It’s gone for 6G in the car!

Zapping on Autonews Paris Motor Show 2022: Dacia Jogger Eco-Smart Hybrid (2022)

There will be talk of 5G this week at CES in Las Vegas, the popular technology show that overshadows traditional car shows. At a conference, players such as Continental and Qualcomm will discuss the impact of this network on board cars. But now, eyes are moving elsewhere. According to Samsung, the future 6G network will be more efficient, with data moving at high speeds and also with greater intelligence. It’s not just about connecting vehicles and infrastructure, but also connecting buildings, household appliances… And why not, to make the link in the metaverse with, for example, 4D ones which map in immersive mode and we call extended reality (link between virtual reality and augmented reality). The network will bridge the Internet of Things and the cloud. Expected for 2028, 6G has already generated a lot of investment in the United States and Asia (Japan, Korea and China). Europe is not left behind, as the Commission has planned a budget of 900 million euros in 2027.

Germany at the pole?

For its part, the equipment manufacturer Bosch is involved in a project* funded by the German Ministry of Research and aimed at combining communications originating from sensors and those received by vehicles. Today, radars and lidars allow vehicles to detect potential obstacles and “see” what road cameras cannot actually see. And they will be important for autonomous driving. The problem is that the data from these sensors is not related to the signals that the vehicles can see again from the mobile networks (localized alerts).

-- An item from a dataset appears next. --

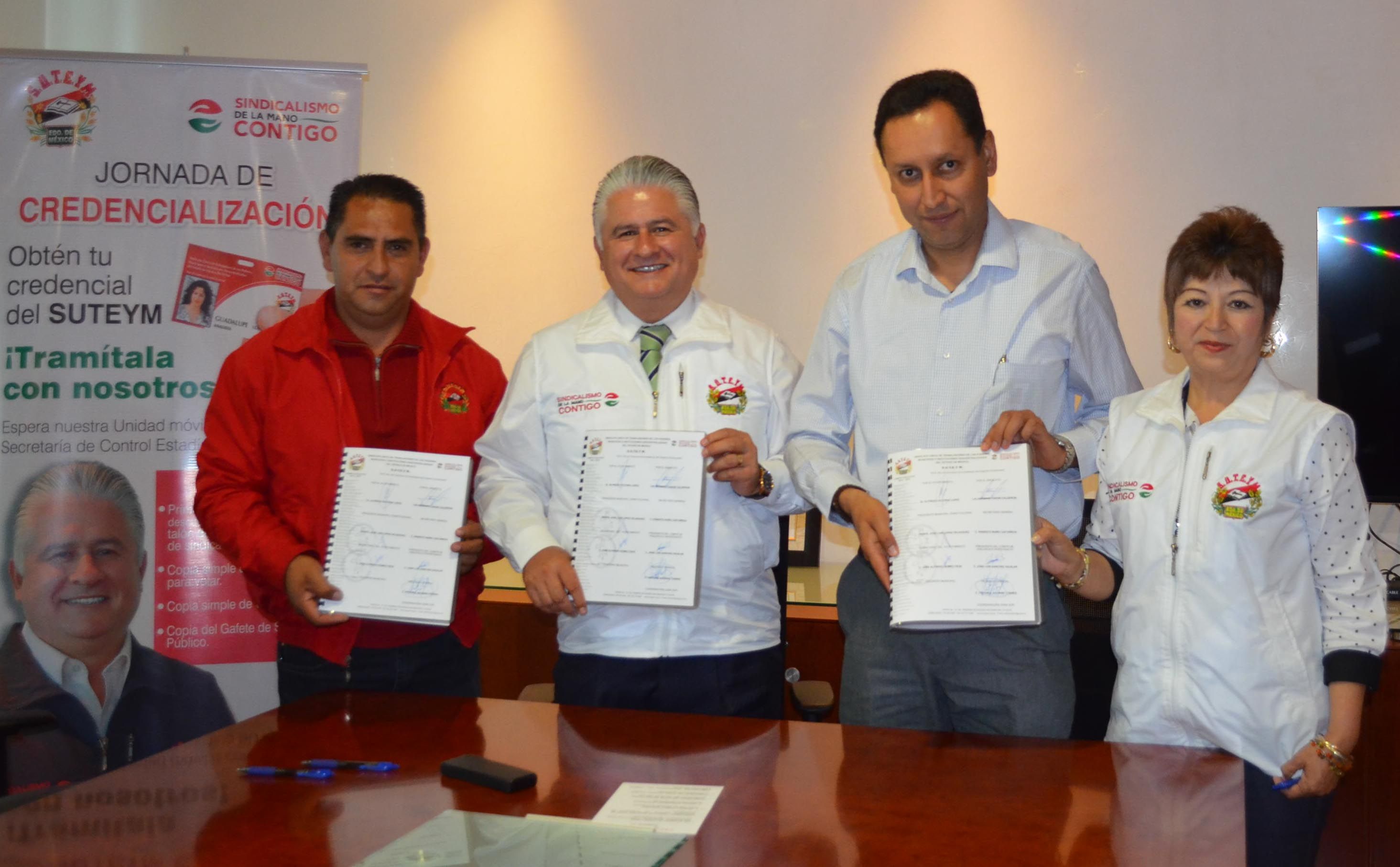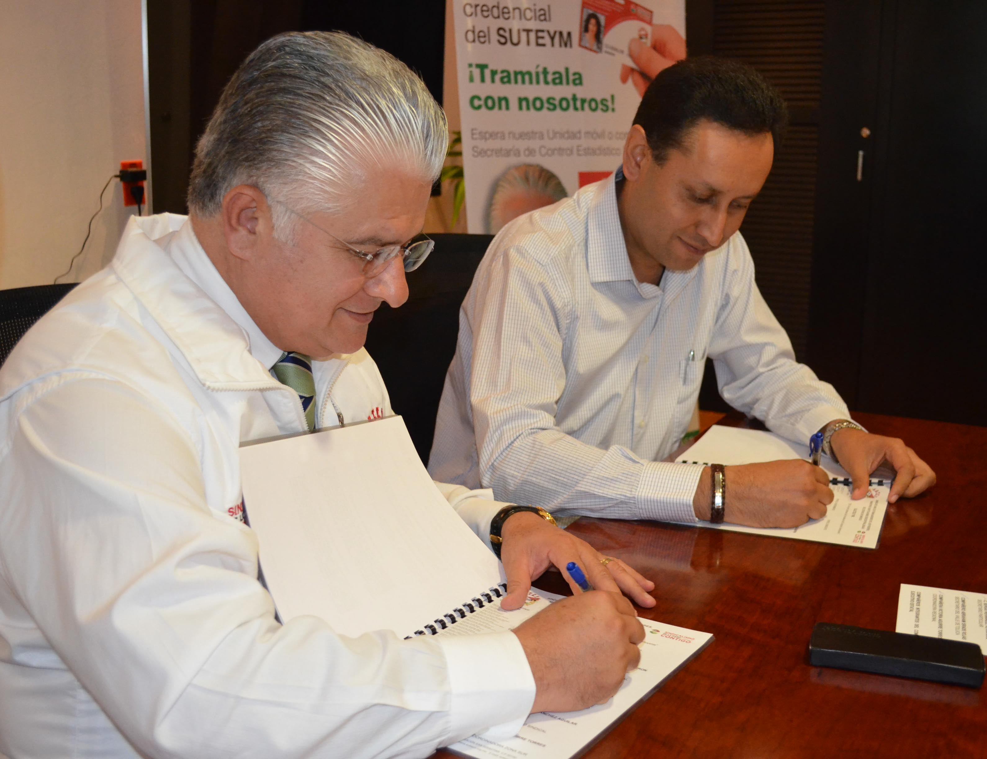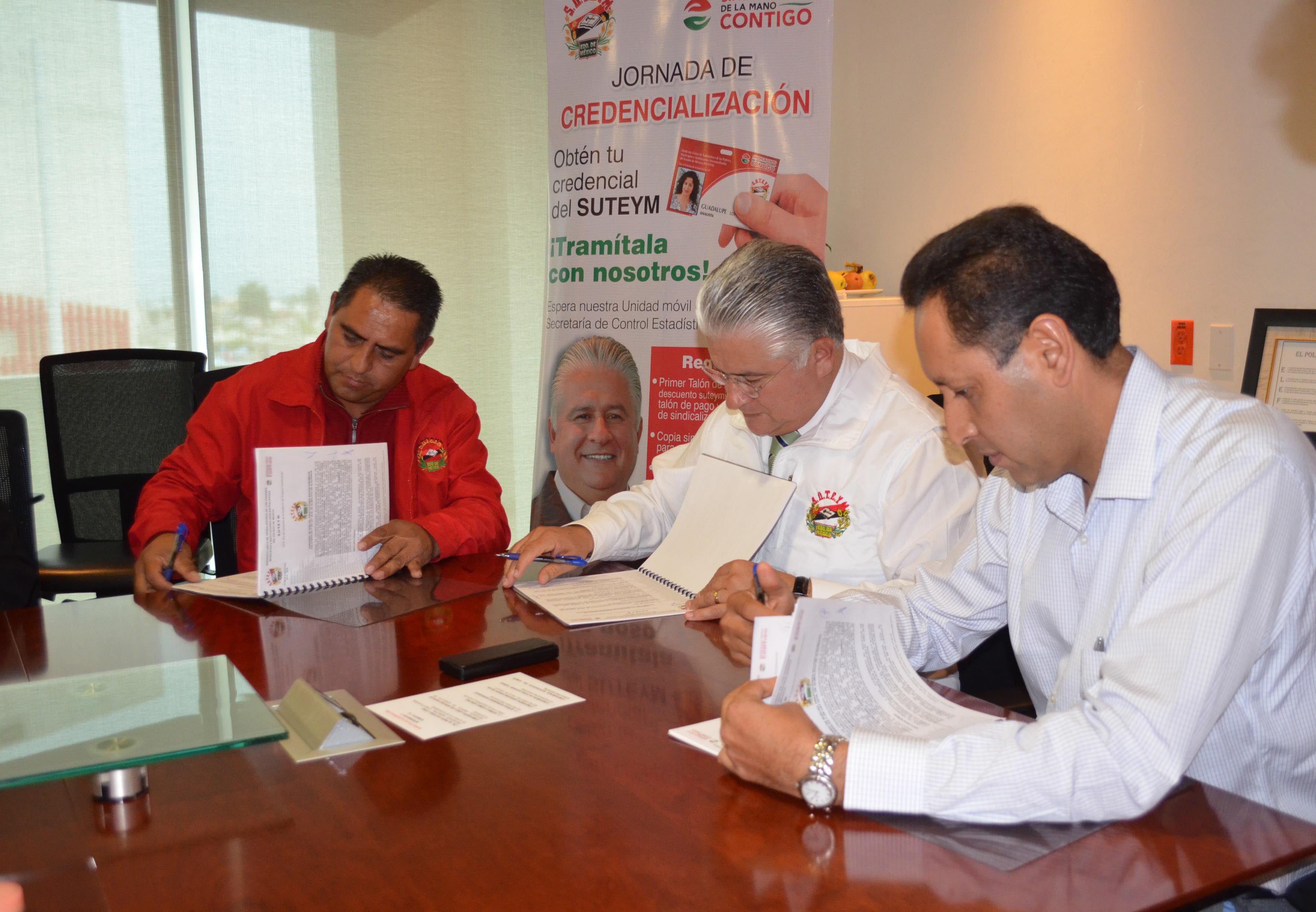 Herminio Cahue Calderón, Secretario General del SUTEYM, signó el Convenio de Sueldo y Prestaciones 2016 con el Dr. Alfredo Victoria López, Presidente Municipal Constitucional de Almoloya de Alquisiras; documento que establece un incremento salarial del 8% para los agremiados.En la Casa del Servidor Público Mexiquense, Cahue Calderón reconoció el esfuerzo financiero de la administración municipal; ya que significa una mejora que no sólo beneficia a los trabajadores de Almoloya de Alquisiras, sino también a la organización sindical que representa a más de 83 mil servidores públicos.

The ambition is to create a new unified standard, benefiting from mobility and connected vehicles, on the ground (cars, cargo, warehouses) and in the air (drones). Bosch will do this in three years with the help of partners from the worlds of universities, sensors and electronics. The group will work primarily with Denso and NXP, which are also suppliers in the automotive world.

*6G Unified Communications and Sensing for Mobility

From data mega-fusion

Therefore, the idea is to share the same radio spectrum and forward all communications to the same mobile network, to generate a real-time representation of the environment. And the most powerful thing is that this network can use data from several vehicles to improve the detection of each of them. According to Bosch, it will be better in terms of road safety, while reducing costs and the cost of energy. In the same way, a direct link (“sidelink”) between vehicles will be relevant to share useful information and make autonomous driving possible, even in regions where coverage is poor. cellular. If the theory is attractive, it still needs to be shown in practice that it can work. This is the whole point of this research project, which aims to restore sovereignty to Germany (which gave only 700 million euros until 2025 to 6G) and Europe, while guaranteeing security and data confidentiality.

And France in all this?

France, which presented its strategy on 5G and future communication networks in 2021, refers to 6G in this document. It aims to launch a research project and relies on its ecosystem, including operators, labs and companies (180 of them are currently working on 5G). As far as the automotive sector is concerned, 6G is not yet on the agenda. Currently, the PFA (which brings together manufacturers and equipment manufacturers) is involved in the 5 G Open Road project, where it is cooperating with Nokia. The consortium, which brings together sixteen players, will work until 2025 in Saclay, near Paris, with an envelope of almost 90 million euros (this project is co-financed by the members of the consortium as part of the Investment Program of future and of BPI ). Players will test roadside devices for traffic, as well as smart last-mile logistics, and on-demand transportation via autonomous shuttles.

to summarize

As 5G is on its way, automotive players are gearing up for the arrival of the next generation of mobile telephony. A development that should benefit autonomous vehicles in particular.